Compared to the many existing multi-trait methods,1–5 MTAG has a unique combination of four features that make it potentially useful in many settings. First, it can be applied to GWAS summary statistics (without access to individual-level data) from an arbitrary number of traits. Second, the summary statistics need not come from independent discovery samples: MTAG uses bivariate linkage disequilibrium (LD) score regression6 to account for (possibly unknown) sample overlap between the GWAS results for different traits. Third, MTAG generates trait-specific effect estimates for each single-nucleotide polymorphism (SNP). Finally, even when applied to many traits, MTAG is computationally quick because every step has a closed-form solution.
The MTAG estimator is a generalization of inverse-variance-weighted meta-analysis that takes summary statistics from single-trait GWASs and outputs trait-specific association statistics.
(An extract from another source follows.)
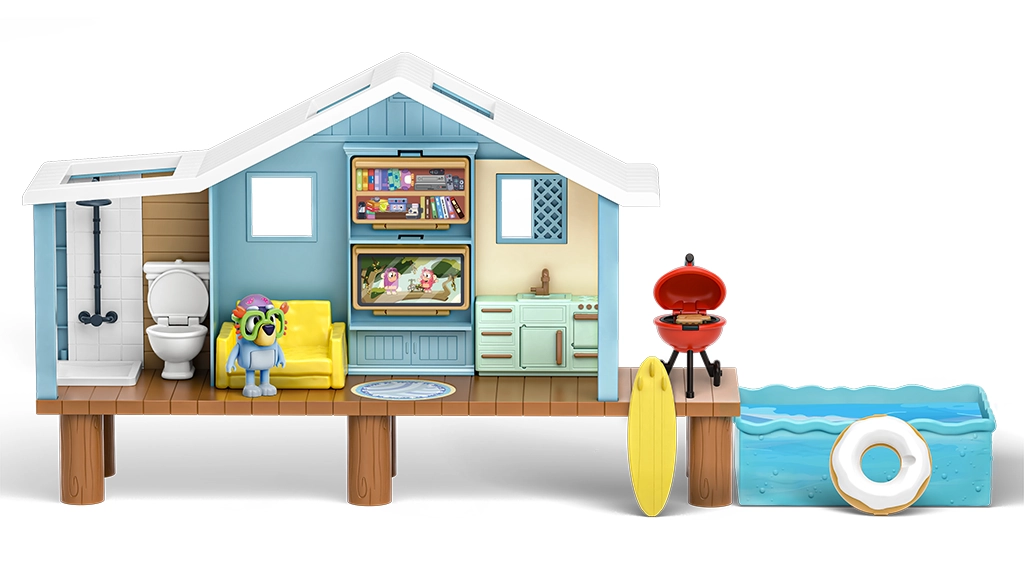 Otroci lahko gredo na nakupovalni izlet z družino Heeler s tem igralnim setom, ki vključuje devet igralnih površin in dvigalo. Predvaja več kot 45 zvokov in izrazov iz oddaje in prihaja z ekskluzivnima figurama Bluey in Bingo.

The resulting P values can be used like P values from a single-trait GWAS, e.g., to prioritize SNPs for subsequent analyses such as biological annotation or to construct polygenic scores.
The key assumption of MTAG is that all SNPs share the same variance-covariance matrix of effect sizes across traits. This assumption is strong and is violated in many circumstances, most intuitively in scenarios where some SNPs influence only a subset of the traits. Even if this assumption is not satisfied, however, we show analytically that MTAG is a consistent estimator and that its effect estimates always have a lower genome-wide mean squared error than the corresponding single-trait GWAS estimates. Hence, polygenic scores constructed from MTAG results are expected to outperform GWAS-based predictors very generally.
The main potential problem arises for SNPs that are truly null for one trait but non-null for another trait. For such SNPs, MTAG’s effect-size estimates for the first trait are biased away from zero, leading to an increased rate of false positives (and inflated type I error rate). We derive an analytic formula for the resulting false discovery rate (FDR), given any specified mixture-normal distribution of effect sizes (including multivariate spike-and-slab distributions), and we illustrate how the formula can be used to probe the credibility of MTAG-identified loci.
To demonstrate the utility of MTAG empirically, we analyze three traits: depressive symptoms (DEP, Neff = 354,862), neuroticism (NEUR, N = 168,105), and subjective well-being (SWB, N = 388,538). Prior GWASs of each of these traits have identified only a handful of loci.7–11 Because of the high genetic correlations between the three traits—in our data, roughly 0.7 in absolute value between each pair—some papers have conducted cross-trait analyses to replicate findings for one of the traits11 or joint meta-analysis to identify new loci.5 We apply MTAG to these traits because we expected the gains in power would be substantial, violations of MTAG’s assumptions would be limited, and the substantive results would be of interest.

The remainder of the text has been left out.